## EXERCISE REQUIREMENTS
Please copy exactly the part of the records below that opens with the line containing "テリフで探るとショートバイト" and closes with the line containing "This old wooden", leaving out any pictures.

## DATA SHOWN
———
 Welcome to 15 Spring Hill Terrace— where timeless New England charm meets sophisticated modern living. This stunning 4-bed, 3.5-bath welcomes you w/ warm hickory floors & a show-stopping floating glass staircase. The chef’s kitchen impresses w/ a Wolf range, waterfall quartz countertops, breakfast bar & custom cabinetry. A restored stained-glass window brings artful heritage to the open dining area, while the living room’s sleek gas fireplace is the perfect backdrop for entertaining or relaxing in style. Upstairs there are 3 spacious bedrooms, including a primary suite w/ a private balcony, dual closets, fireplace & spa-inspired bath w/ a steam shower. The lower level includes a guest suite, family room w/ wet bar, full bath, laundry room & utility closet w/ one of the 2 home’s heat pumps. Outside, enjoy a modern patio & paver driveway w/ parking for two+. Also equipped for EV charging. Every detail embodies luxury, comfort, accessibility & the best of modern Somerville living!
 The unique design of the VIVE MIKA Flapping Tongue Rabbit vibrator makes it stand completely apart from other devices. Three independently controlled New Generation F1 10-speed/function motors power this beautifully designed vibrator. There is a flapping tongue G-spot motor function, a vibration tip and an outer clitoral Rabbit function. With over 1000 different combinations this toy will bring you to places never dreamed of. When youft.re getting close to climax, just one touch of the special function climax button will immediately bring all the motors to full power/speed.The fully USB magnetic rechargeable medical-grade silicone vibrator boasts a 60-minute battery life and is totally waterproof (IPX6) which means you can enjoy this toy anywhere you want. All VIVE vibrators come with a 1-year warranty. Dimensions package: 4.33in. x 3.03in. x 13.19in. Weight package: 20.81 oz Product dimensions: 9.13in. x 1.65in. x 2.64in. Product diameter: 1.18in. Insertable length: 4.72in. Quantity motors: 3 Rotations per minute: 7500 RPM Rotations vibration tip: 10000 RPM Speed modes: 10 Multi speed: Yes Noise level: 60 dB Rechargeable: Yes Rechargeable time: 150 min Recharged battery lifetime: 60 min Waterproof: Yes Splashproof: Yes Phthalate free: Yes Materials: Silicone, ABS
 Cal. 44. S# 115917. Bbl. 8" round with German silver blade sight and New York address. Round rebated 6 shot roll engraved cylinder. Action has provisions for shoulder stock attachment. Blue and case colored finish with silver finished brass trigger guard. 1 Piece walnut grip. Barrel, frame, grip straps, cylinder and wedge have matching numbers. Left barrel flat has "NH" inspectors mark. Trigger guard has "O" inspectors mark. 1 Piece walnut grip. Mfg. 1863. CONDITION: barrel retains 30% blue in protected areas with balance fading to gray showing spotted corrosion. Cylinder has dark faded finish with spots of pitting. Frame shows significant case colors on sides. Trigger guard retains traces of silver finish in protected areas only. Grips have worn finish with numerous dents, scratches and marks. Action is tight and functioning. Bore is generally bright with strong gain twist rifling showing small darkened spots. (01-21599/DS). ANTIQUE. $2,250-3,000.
———
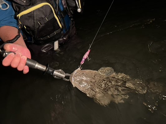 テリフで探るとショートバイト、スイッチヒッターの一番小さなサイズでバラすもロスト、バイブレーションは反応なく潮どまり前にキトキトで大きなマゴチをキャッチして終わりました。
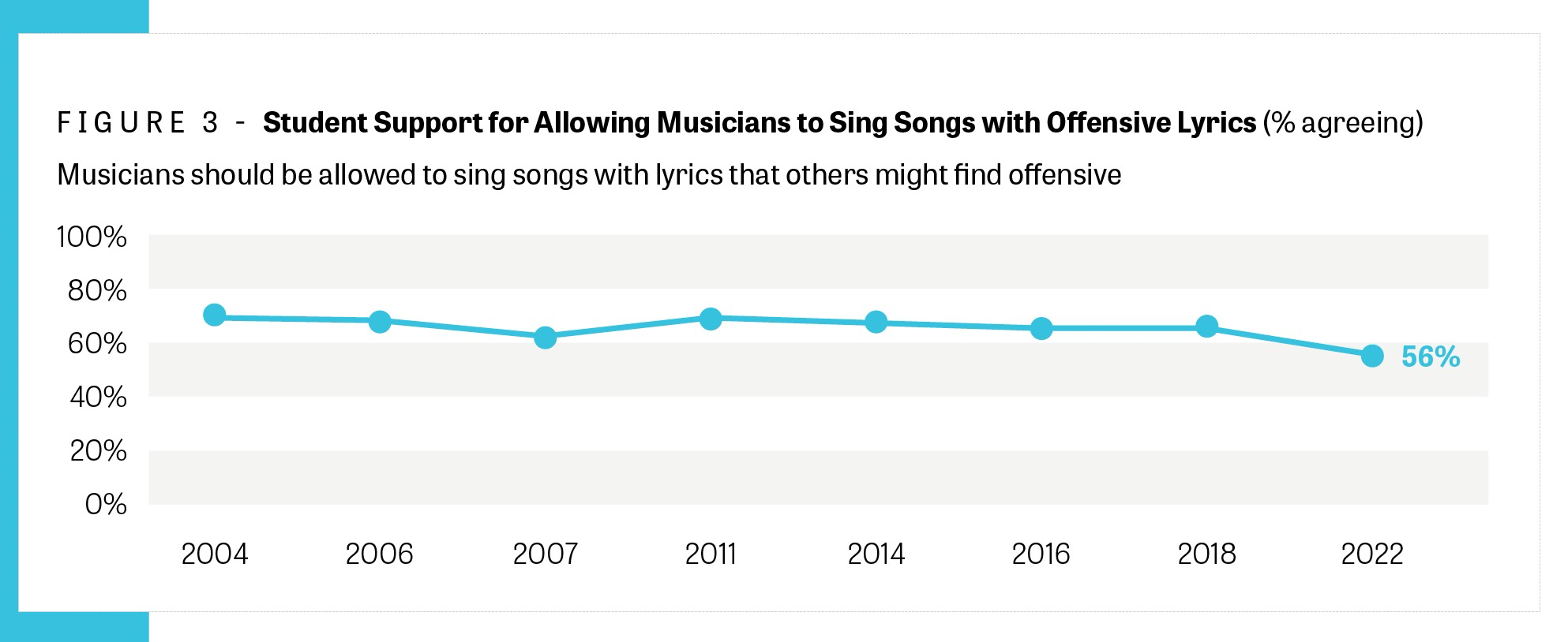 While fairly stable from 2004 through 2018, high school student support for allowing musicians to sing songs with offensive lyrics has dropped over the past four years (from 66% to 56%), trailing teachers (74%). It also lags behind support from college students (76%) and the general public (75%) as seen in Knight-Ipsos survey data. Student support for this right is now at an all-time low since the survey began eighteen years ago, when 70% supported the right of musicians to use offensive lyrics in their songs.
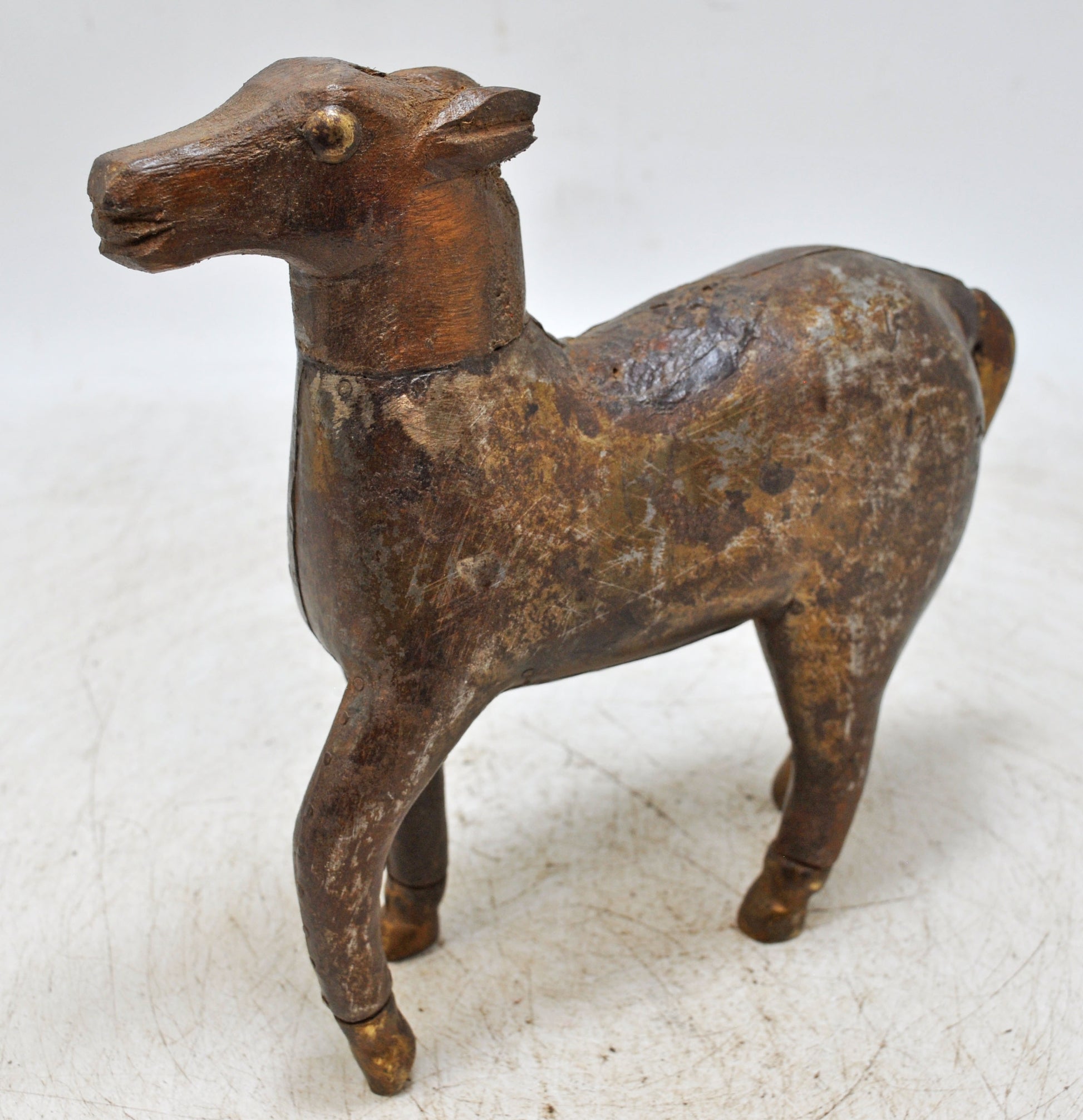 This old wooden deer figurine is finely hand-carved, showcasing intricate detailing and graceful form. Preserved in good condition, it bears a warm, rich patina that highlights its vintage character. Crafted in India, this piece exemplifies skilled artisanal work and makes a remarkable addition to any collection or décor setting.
———
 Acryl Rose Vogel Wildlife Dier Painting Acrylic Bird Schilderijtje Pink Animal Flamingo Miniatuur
———
## ANSWER SPACE
 テリフで探るとショートバイト、スイッチヒッターの一番小さなサイズでバラすもロスト、バイブレーションは反応なく潮どまり前にキトキトで大きなマゴチをキャッチして終わりました。
 While fairly stable from 2004 through 2018, high school student support for allowing musicians to sing songs with offensive lyrics has dropped over the past four years (from 66% to 56%), trailing teachers (74%). It also lags behind support from college students (76%) and the general public (75%) as seen in Knight-Ipsos survey data. Student support for this right is now at an all-time low since the survey began eighteen years ago, when 70% supported the right of musicians to use offensive lyrics in their songs.
 This old wooden deer figurine is finely hand-carved, showcasing intricate detailing and graceful form. Preserved in good condition, it bears a warm, rich patina that highlights its vintage character. Crafted in India, this piece exemplifies skilled artisanal work and makes a remarkable addition to any collection or décor setting.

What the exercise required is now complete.